Wayne State University

Project 1 - I am currently involved in a collaborative project with Children's Hospital of Michigan in Detroit, MI. I am working on application of deep learning and machine learning algorithms on neuro- imaging data. In my current project, I apply graph representation learning algorithms on images obtained from diffusion-tensor imaging (DTI) scans of the brain of pediatric epilepsy patients. The goal of this project is to predict preoperative language impairment scores for pre-surgical evaluation which is a regression task and postoperative seizure outcomes 1 year after surgery which is a binary classification task. These graph representation algorithms are also used to identify the Seizure Onset Zones (SOZ's) in the brain which would help the neurosurgeon perform accurate resective surgeries. The stored weights obtained from the trained deep learning algorithms are used in identifying the regions of the brain that cause the epileptic seizures, by leveraging gradient-based saliency and class activation maps.

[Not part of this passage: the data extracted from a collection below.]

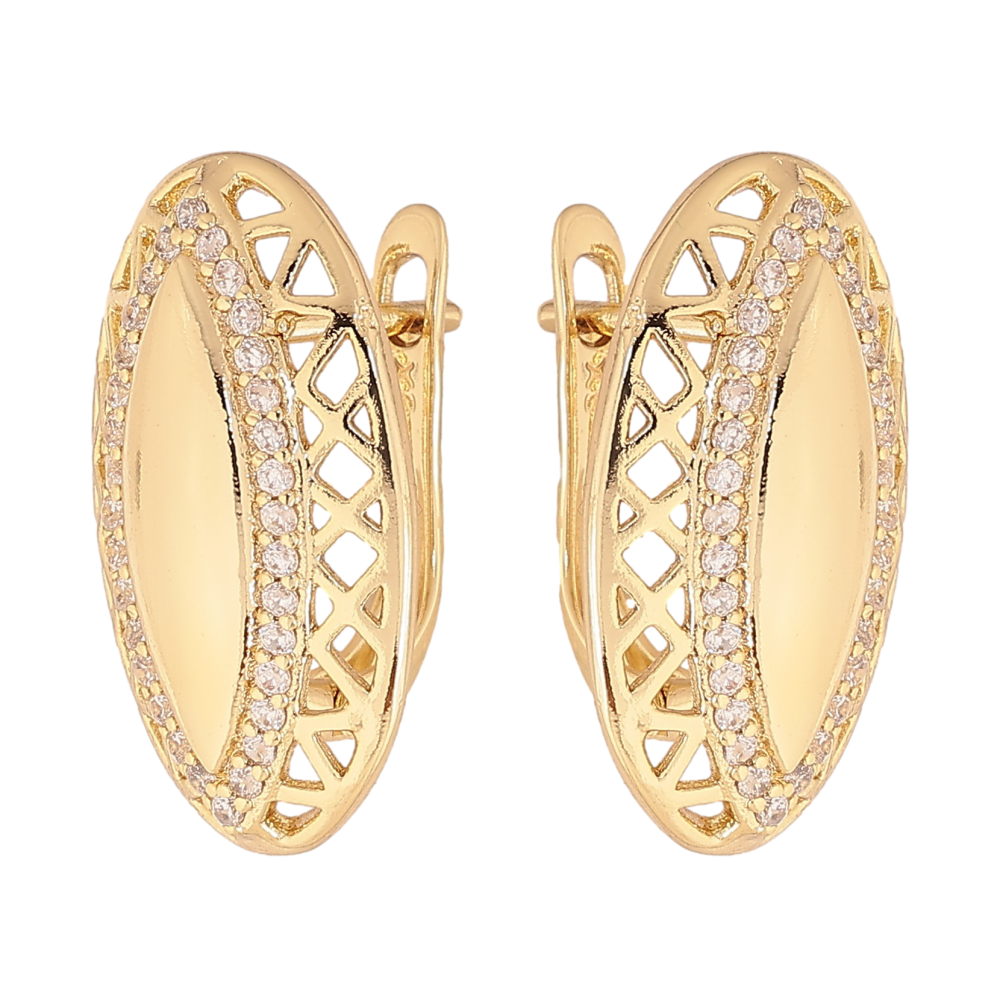 Сережки Xuping колір Позолота 14K англійський замок "Візерунок з кристалами"
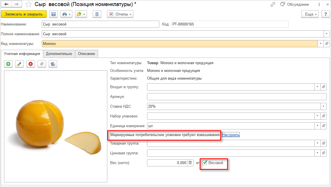 Если продукция является весовой, то необходимо в соответствующей карточке номенклатуры установить флаг Весовой. Таким образом, при дальнейшей работе программа определит, что маркируемая упаковка требует взвешивания.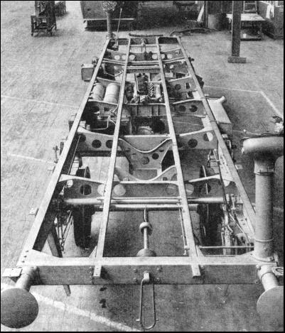 In this interesting rail-car the engine is placed in the central portion of the chassis, but on one side, to provide accessibility through a suitably arranged door in the body. The engine is connected to a special design of gear-box, known as the Wilson pre-selective gear, through a short shaft having metal universal couplings at the ends, and is fitted with the Daimler pattern fluid flywheel in place of the usual clutch found in motor-car practice. This hydraulic type of coupling allows the engine to take up the driving load smoothly and without shock, through the agency of the fluid employed. It is so arranged that when the engine is working at a low speed, say, at about 500-600 r.p.m., the hydraulic clutch is automatically disconnected from the rest of the transmission, namely, the gear-box. Upon accelerating the engine above this speed, the drive is transmitted through the hydraulic clutch to the gear-box. There is thus no necessity for the ordinary friction type of clutch ; nor is any clutch pedal necessary. All that the driver has to do to start the rail-car from rest is, first, to select the low-gear position of the gear lever, and then to speed up the engine from its idling speed, when the rail-car will gradually move forward on its lowest gear. After a certain speed has been attained, the gear can be changed through the higher gears to the directly driven top-speed position. The Wilson gear-box is of an automatic type similar to that employed on the Armstrong-Siddeley and other motor-cars. The principle of this arrangement is that any desired gear ratio can be selected, by means of a small lever and graduated quadrant having the corresponding gear ratio positions marked upon it. The gear ratio likely to be required can thus be selected beforehand. When the pre-selected gear ratio is wanted all that the driver has to do is to depress a foot pedal, known as the "gear change pedal," and release it. The selected gear is then automatically engaged. The hydraulic clutch is here very useful in preventing any shock to the transmission when the gear is changed. The combination of the hydraulic clutch and pre-selective gearbox renders the driving control extremely simple. The gear-box gives four forward speeds and one reverse. Speeds of 14.45, 25.4, 40.25, and 60 m.p.h. are obtainable with this gear-box for an engine speed of 2,260 r.p.m. Beyond the gear-box there is a reverse gear-box to enable the rail-car to travel at any of its four speeds in either direction. A dog-clutch is employed to change from one direction of drive to the reverse. From the reverse gear-box the drive is taken by means of a shaft having universal joints and a telescopic sliding device to the worm-and-wheel drive on the front axle member of the four-wheel bogie unit. The rear member of the latter is also positively driven by means of a universally jointed shaft and another worm-and-wheel unit, from the front shaft. To allow for any differences in the diameters of the driving wheels a differential gear mechanism is provided in the front axle box casing ; this prevents any undue driving stresses between the two axle units. Only one of the two four-wheel bogie units is driven by the engine ; the other is an idle member.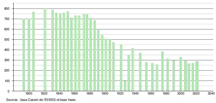 L'évolution du nombre d'habitants est connue à travers les recensements de la population effectués dans la commune depuis 1793. Pour les communes de moins de 10 000 habitants, une enquête de recensement portant sur toute la population est réalisée tous les cinq ans, les populations légales des années intermédiaires étant quant à elles estimées par interpolation ou extrapolation[24]. Pour la commune, le premier recensement exhaustif entrant dans le cadre du nouveau dispositif a été réalisé en 2005[25].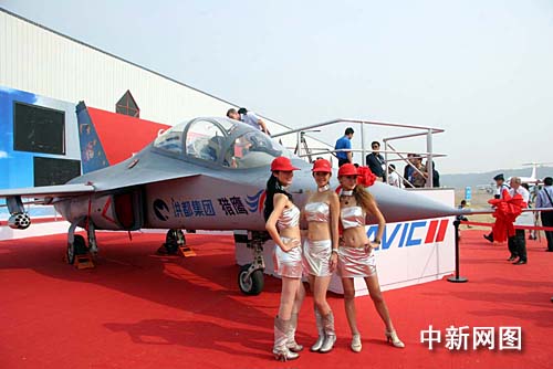 模特现场助兴中国猎鹰高级教练机亮相。孙自法 摄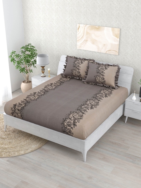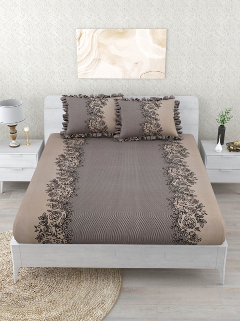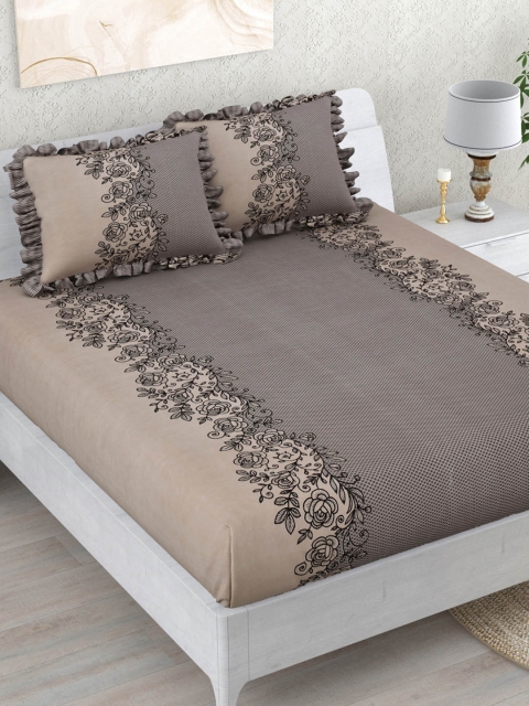 DREAM WEAVERZ Brown Floral print Polycotton King Fitted Bedsheet with 2 Frill Pillow Cover

University of Massachusetts Medical School

I worked with images obtained from Single Photon Emission Computed Tomography (SPECT) systems and developed machine learning and image processing algorithms to improve image quality by efficient design of Multipinhole (MPH) Collimator in the gamma camera in a combined Fan Beam and MPH Collimator SPECT system. The process involves estimation of the spatially-varying blur functions or point spread functions (PSFs) at pixel level, for the SPECT MPH system which would be used during system calibration and image reconstruction. The goal in this process was to store the least number of coefficients for the PSF and calculate most of the coefficients on the fly to make the iterative image reconstruction process faster.